The girl was inside. Anna hadn’t seen her in an hour or more. In fact, she had gone nowhere near her, even after seeing the woman dead in the car. Instead, she had grabbed the cordless handset from the hall table and run with it into the kitchen. Dialled the police. She must have sounded insane. Garbled, insane.

‘What has she said?’ she asked Wilde now.

‘The girl? Nothing.’

‘She said nothing to me either,’ Anna murmured. ‘I ran inside, I don’t know what I said, I think perhaps I said, your friend has died …’

‘She has been dead more than a day,’ Wilde said. ‘I should think.’

‘My God,’ Anna whispered. She turned now to stare at the car, where a team were working in white protective overalls. Inside, Alisha Graham still sat in the passenger seat. As the light grew brighter, it was possible to see her face. The mouth was a little open, the eyes fixed.

‘Do you know where Mr Aubrete is?’ Wilde asked.

She forced herself to look away from the car. ‘At the Manor,’ she said.

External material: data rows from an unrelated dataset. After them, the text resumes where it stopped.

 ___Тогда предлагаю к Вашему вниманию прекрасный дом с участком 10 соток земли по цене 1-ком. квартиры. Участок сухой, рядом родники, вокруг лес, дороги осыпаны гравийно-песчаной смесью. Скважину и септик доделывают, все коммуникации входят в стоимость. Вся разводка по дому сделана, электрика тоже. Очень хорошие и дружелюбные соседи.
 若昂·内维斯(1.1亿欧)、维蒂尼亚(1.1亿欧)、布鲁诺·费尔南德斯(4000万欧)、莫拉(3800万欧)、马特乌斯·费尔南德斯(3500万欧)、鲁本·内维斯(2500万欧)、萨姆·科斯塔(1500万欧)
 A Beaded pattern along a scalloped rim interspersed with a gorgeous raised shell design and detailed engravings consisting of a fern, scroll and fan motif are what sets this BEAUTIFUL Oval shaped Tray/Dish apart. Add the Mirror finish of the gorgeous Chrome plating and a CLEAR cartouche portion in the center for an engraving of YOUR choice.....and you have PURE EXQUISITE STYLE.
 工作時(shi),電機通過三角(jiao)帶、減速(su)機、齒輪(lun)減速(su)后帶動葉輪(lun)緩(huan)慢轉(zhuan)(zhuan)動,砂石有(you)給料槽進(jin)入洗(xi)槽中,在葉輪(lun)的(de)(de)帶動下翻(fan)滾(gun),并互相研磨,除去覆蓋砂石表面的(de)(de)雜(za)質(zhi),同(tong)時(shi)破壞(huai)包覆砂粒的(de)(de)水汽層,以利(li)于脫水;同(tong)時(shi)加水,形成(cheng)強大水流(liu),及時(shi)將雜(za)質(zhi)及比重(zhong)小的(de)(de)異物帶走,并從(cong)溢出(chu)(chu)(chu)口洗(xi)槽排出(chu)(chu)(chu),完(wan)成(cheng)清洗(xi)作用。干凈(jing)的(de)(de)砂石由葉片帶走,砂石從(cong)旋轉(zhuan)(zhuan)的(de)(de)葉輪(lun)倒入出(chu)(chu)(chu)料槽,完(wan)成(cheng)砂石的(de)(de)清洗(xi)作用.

‘There’s no one there. Just an answerphone.’

‘Well, how would I know? I’ve hardly met him.’ More lies.

‘Did anyone at the café mention that he was away this week?’

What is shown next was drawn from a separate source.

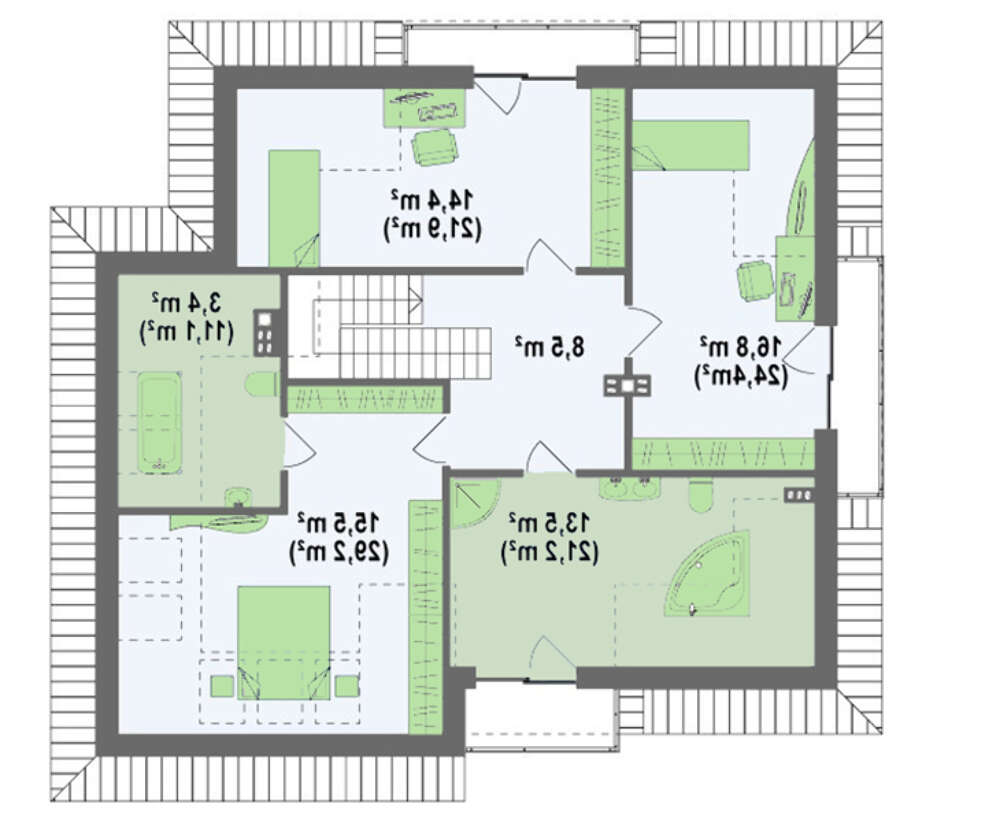 проект в зеркальном отображении позволит органично вписать дом в окружающий ландшафт.

‘No. But … I heard someone say that his father was ill, in hospital. Perhaps he was there. You could ask Richard Forbes. The estate manager.’

‘We will.’

‘More than a day,’ Anna murmured. ‘That’s … grotesque, isn’t it?’

‘Yes.’

‘That girl must have driven, with her dead …’ Anna’s voice trailed away. ‘What’s her name? Who is she?’

‘We don’t know.’

‘She must have a handbag, a suitcase …’

‘Did you see one?’ he asked.

‘No, but …’

‘There’s nothing in the car except Miss Graham’s holdall. Nothing in the boot, nothing in the glove compartment but Miss Graham’s licence, personal papers, and service history of the car.’

‘A coat, then?’

‘No coat.’

She stared at him. ‘But it was pouring with rain. It had been pouring all day. And not just here.’

‘Yes.’

Anna stared at the ground. ‘When she got out of the car she looked dry. Neat. Dry.’

‘Which means …?’ Wilde asked.

She paused, bit the inside of her lip against her impatience. Same game. A shame he never got bored of it. ‘She doesn’t look like a person who had been travelling for hours, let alone days. She’s so neat and tidy.’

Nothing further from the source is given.